## Data for analysis:
┏━━
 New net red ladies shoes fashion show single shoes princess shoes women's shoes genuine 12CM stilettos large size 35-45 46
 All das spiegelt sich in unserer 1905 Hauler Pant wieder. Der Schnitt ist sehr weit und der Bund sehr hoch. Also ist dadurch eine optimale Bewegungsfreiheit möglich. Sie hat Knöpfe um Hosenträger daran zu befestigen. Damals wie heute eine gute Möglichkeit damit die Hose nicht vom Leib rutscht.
┗━━
┏━━
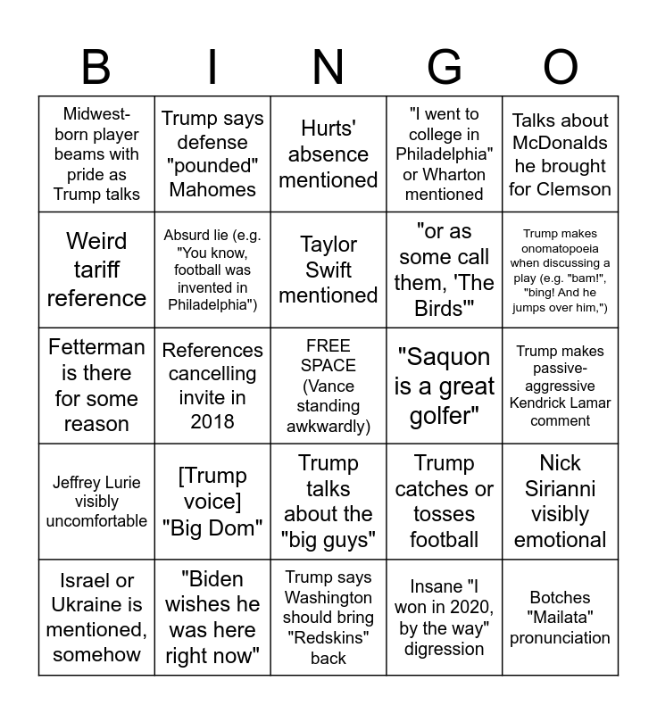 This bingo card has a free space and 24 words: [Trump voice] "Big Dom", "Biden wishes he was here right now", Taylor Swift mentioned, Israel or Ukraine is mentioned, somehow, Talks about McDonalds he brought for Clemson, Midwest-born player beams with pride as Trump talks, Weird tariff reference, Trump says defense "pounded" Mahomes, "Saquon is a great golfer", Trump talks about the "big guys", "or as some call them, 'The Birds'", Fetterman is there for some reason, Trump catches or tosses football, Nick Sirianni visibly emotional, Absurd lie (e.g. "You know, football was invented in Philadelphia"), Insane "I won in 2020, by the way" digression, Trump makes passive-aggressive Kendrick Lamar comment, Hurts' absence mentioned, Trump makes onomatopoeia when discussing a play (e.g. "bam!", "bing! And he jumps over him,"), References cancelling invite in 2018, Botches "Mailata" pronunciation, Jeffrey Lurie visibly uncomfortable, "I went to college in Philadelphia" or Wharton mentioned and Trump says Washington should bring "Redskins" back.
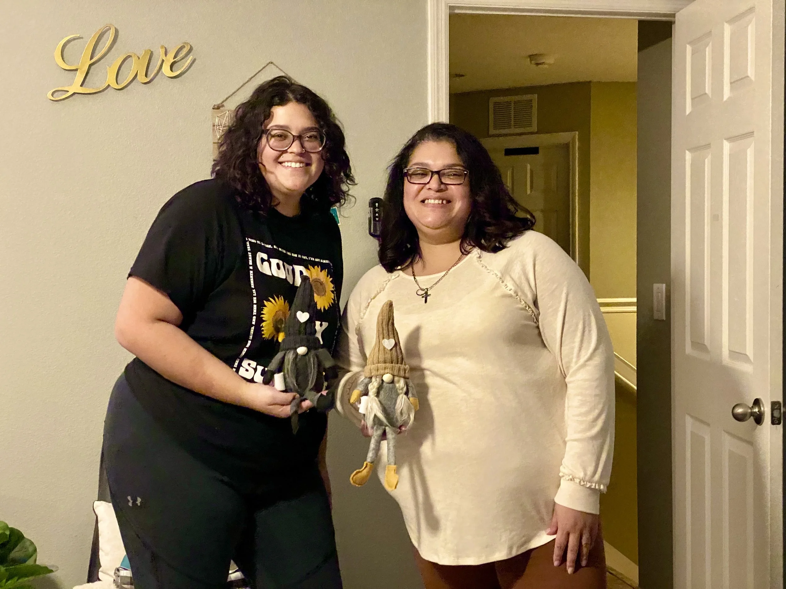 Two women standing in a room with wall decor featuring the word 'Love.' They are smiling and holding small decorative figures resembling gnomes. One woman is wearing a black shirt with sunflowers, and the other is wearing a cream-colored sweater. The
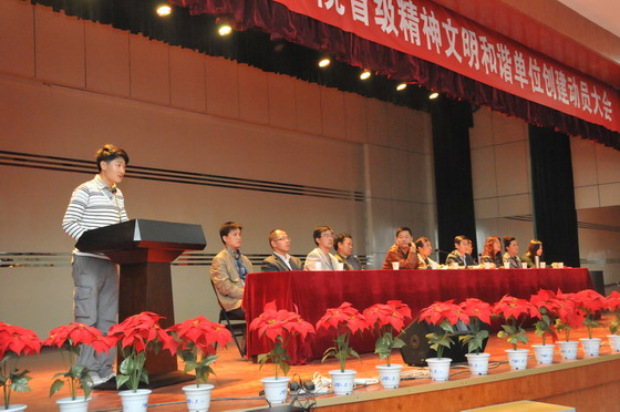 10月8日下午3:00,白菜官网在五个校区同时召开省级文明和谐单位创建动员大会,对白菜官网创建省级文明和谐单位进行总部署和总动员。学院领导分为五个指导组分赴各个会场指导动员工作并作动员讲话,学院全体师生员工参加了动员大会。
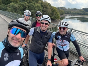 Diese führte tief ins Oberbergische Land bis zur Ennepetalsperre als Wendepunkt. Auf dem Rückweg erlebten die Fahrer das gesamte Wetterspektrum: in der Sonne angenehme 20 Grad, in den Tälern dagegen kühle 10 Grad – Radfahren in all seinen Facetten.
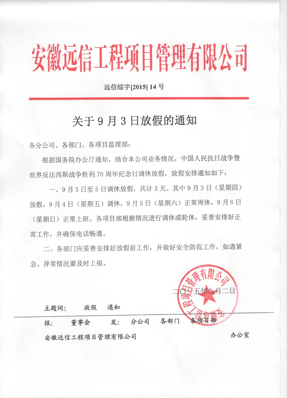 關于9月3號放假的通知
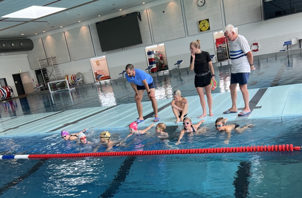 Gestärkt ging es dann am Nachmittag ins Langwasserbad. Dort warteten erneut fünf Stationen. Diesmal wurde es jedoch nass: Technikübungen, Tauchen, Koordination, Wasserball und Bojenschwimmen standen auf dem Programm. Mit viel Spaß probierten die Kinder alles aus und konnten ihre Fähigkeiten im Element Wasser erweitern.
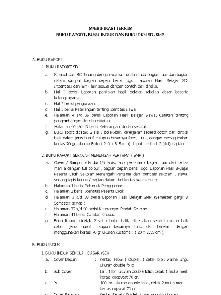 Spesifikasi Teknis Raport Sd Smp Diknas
┗━━
┏━━
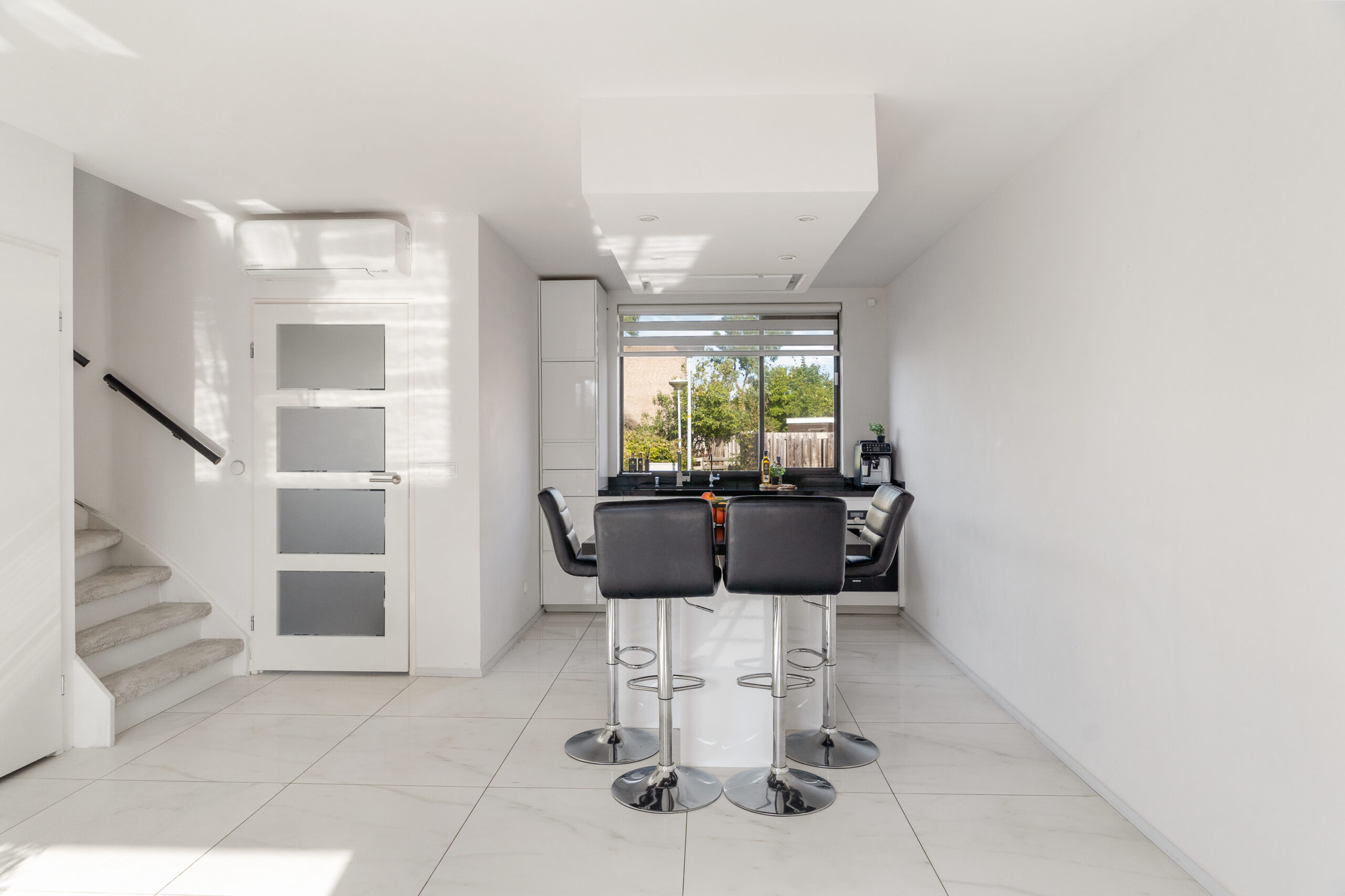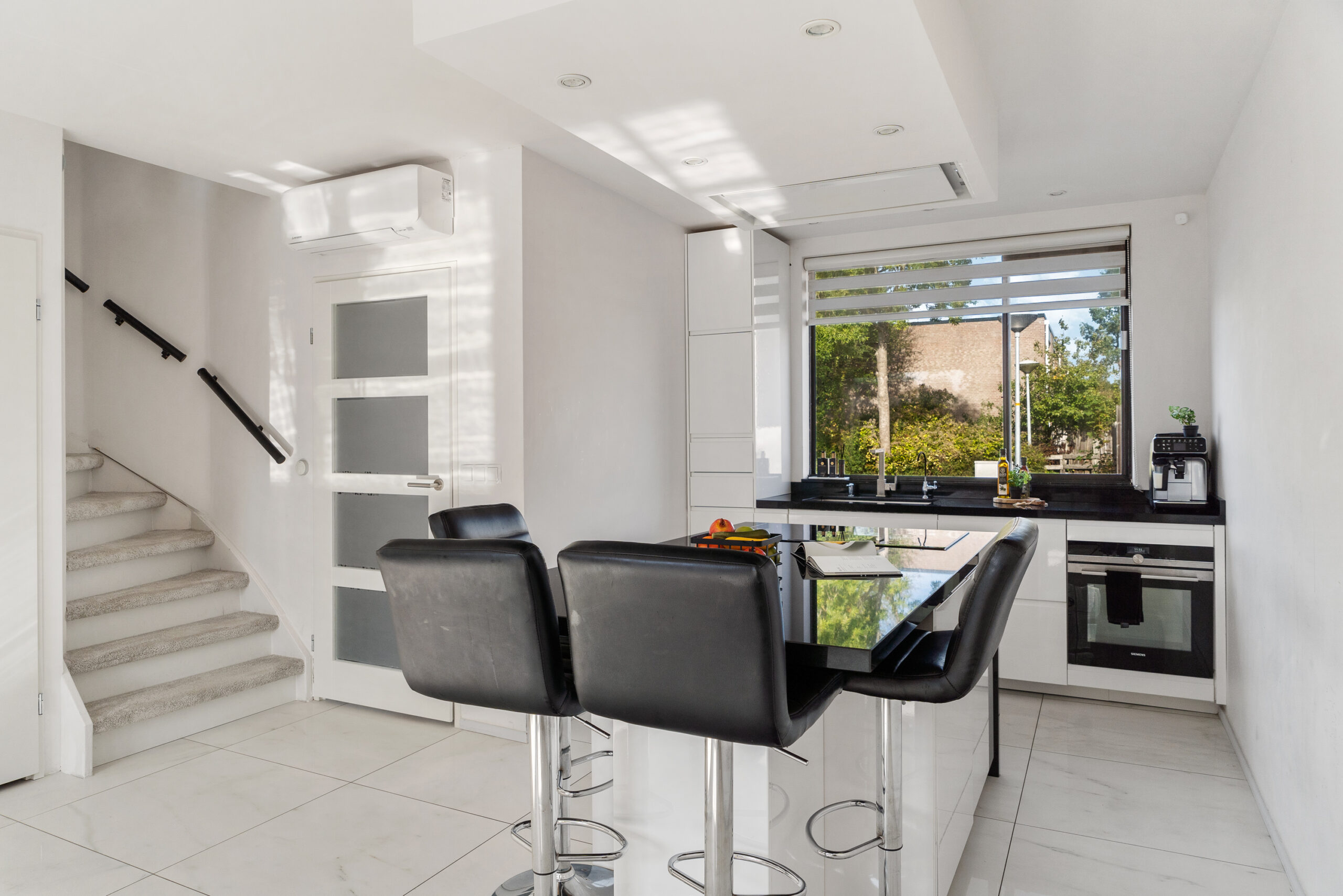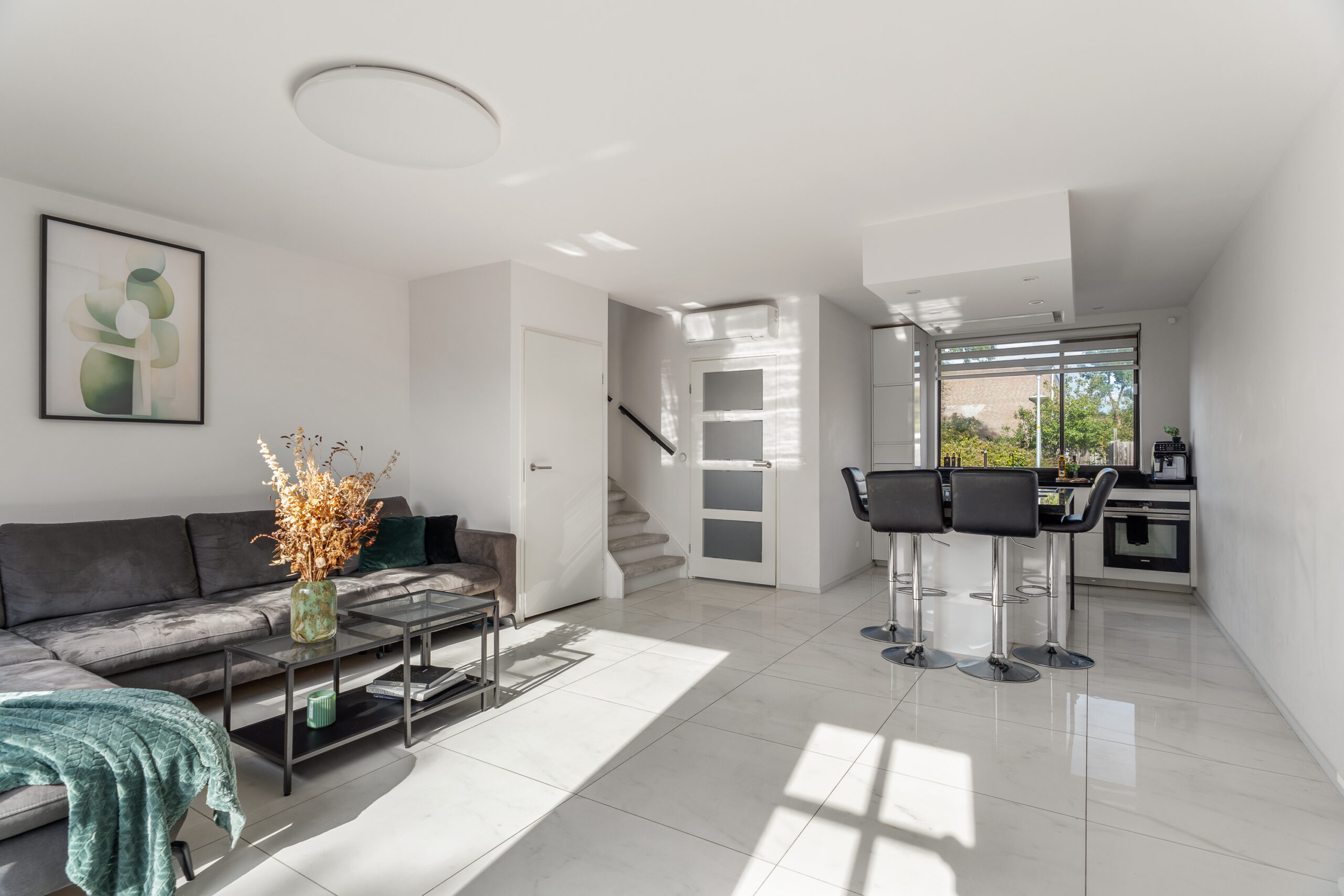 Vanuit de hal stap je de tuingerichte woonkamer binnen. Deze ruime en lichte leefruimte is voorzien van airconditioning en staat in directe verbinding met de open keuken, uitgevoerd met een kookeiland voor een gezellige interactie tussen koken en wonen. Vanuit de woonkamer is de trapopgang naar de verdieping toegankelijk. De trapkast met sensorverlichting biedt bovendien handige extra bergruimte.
┗━━
## Your goal:
Give back the exact lines above, running from the one that has "關于9月3號放假的通知" through the one that has "Spesifikasi Teknis Raport Sd Smp Diknas", with nothing added and no pictures.

## Output for this exercise:
 關于9月3號放假的通知
 Gestärkt ging es dann am Nachmittag ins Langwasserbad. Dort warteten erneut fünf Stationen. Diesmal wurde es jedoch nass: Technikübungen, Tauchen, Koordination, Wasserball und Bojenschwimmen standen auf dem Programm. Mit viel Spaß probierten die Kinder alles aus und konnten ihre Fähigkeiten im Element Wasser erweitern.
 Spesifikasi Teknis Raport Sd Smp Diknas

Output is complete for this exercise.